Being human is embracing all the messy, ugly, hard, beautiful, magical things about our lives and just living the experience. There is no such thing as a faulty human. We were designed to live a messy life. That’s just the way it is. When I’m in the middle of a giant pity party because I can’t eat peanut butter and peanut butter reminds me of Gabriel and the childhood I can never revisit because the Central African Republic is war-torn and dangerous, it’s messy. And that's ok. There is no perfect, clean box that our emotions and experiences need to fit in. It’s ok if our frustration and disappointment and joy are bigger than our box. It’s ok for emotions to bleed out. That’s what it means to be human.

Humanity is messy and raw and insane and astonishingly precious.


When I find out something novel about this wild body I live in, I eventually get to the point where I can say “Hmm, thank you for teaching me something new.” I eventually get past the pity party and the messy feels and figure out how to integrate the new challenge and adapt to it to make life healthier and more enjoyable. But the pity party phase is my processing tool, and that’s ok. It’s part of being human.

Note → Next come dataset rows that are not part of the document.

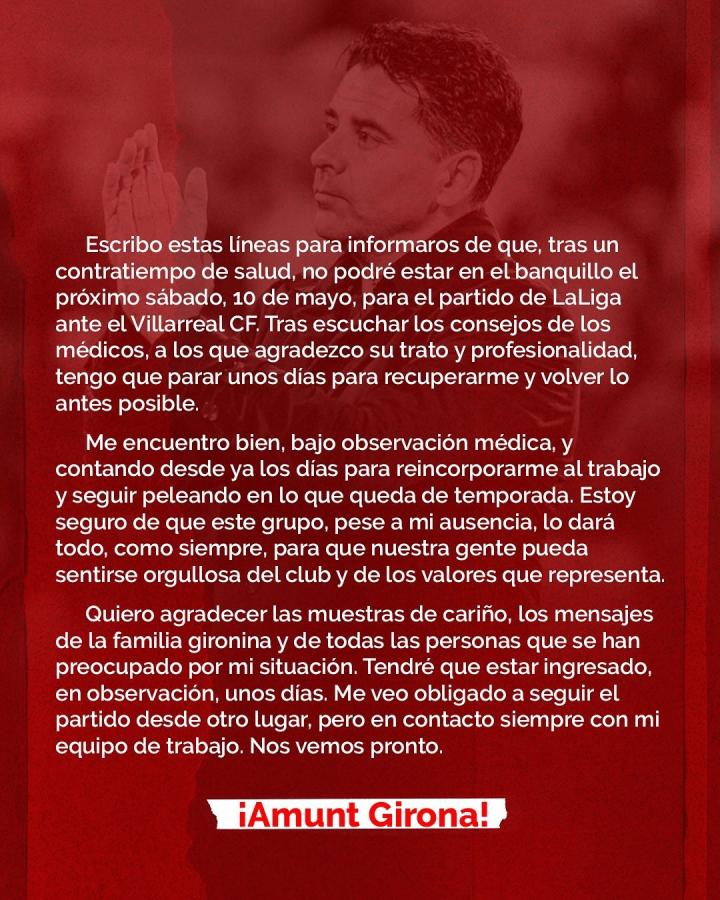 “我想感谢来自赫罗纳大家庭和所有关心我情况的人的关爱和支持,我需要住院并接受几天的观察,我将不得不在其他地方观看比赛,但会始终与我的工作团队保持联系,我们很快会再见面的。”
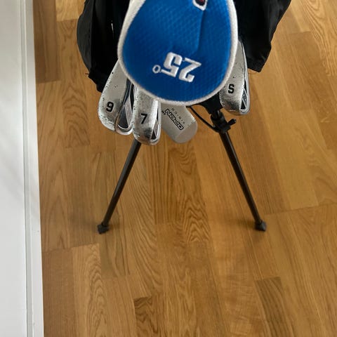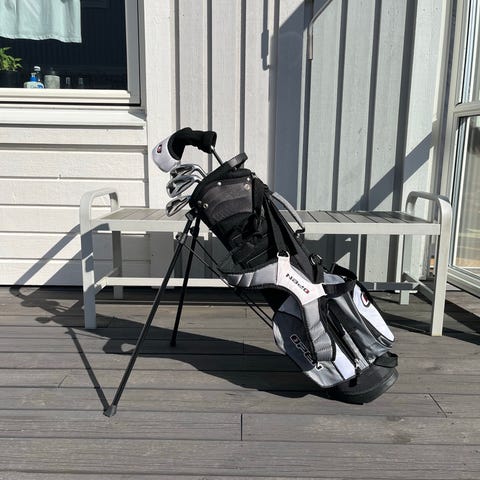Den omåttligt populära bärbagen för juniorer i ålder 12-14 enligt tillverkare, men jag skulle säga ålder 10-13-ish. Väskan har bärremmar för axeln och inbyggt stativ med två ben för att kunna stå upp på marken. Flera fack och fickor för klubbor, bollar och tillbehör. Passar för golfspelare som vill bära sin utrustning på banan.
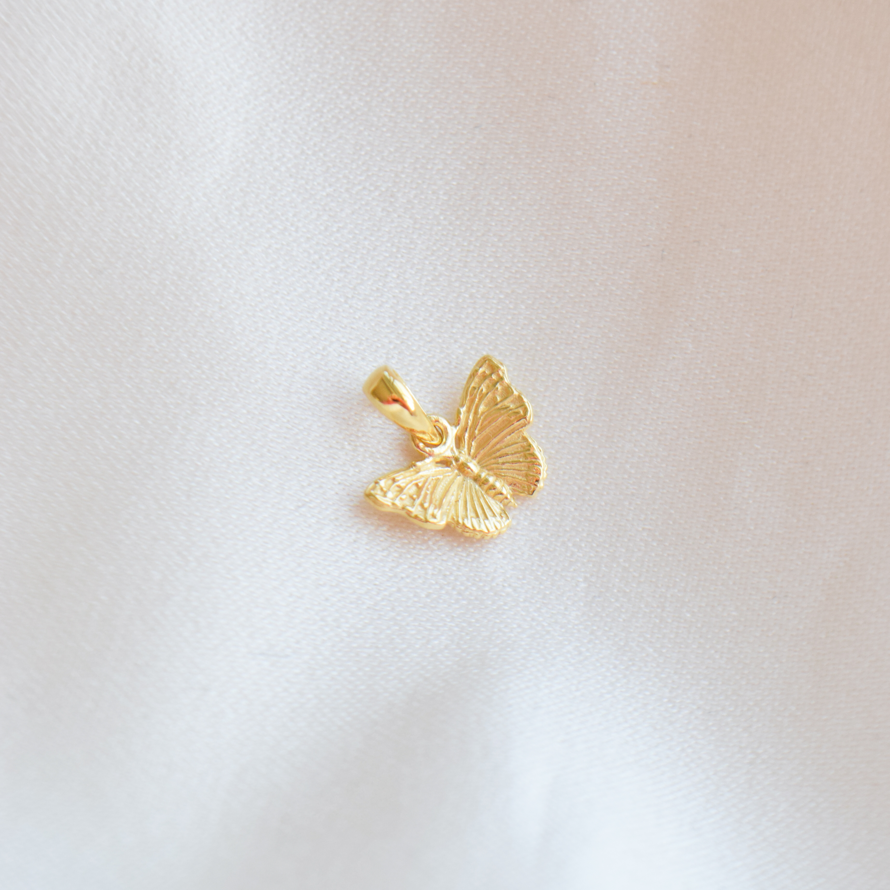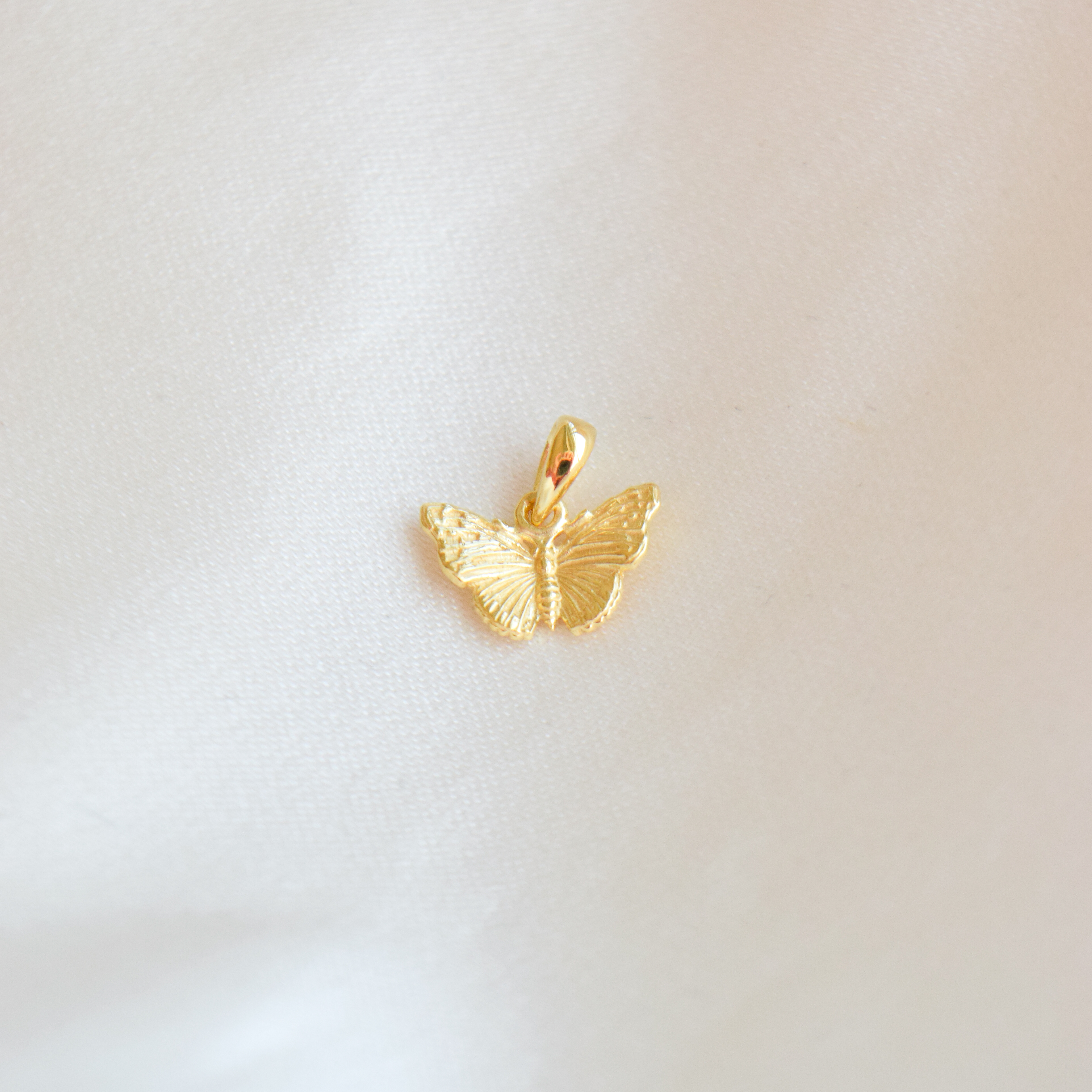 Det delikate anhenget er formet som en detaljert sommerfugl med vakkert utskårne vinger som fanger lyset og gir et levende uttrykk. Det enkle, men betydningsfulle designet gjør smykket perfekt for de som ønsker et personlig preg med en lett og sommerlig stemning.

I’ve come to realize that I can still hold the memories of Wilburina and Gabriel’s perfect peanut butter close to my heart even if I can’t eat meat or peanuts. Those memories do not equal food; those memories equal love. Just because I can't eat certain things does not diminish my feelings about those cherished memories.


Here’s to the mess of being human. To the journey life takes us on that we never saw coming. To the pity parties and the challenges and the memories. Feel all the feels, friends. It’s part of being a human.


Isn't humanity spectacular and strange?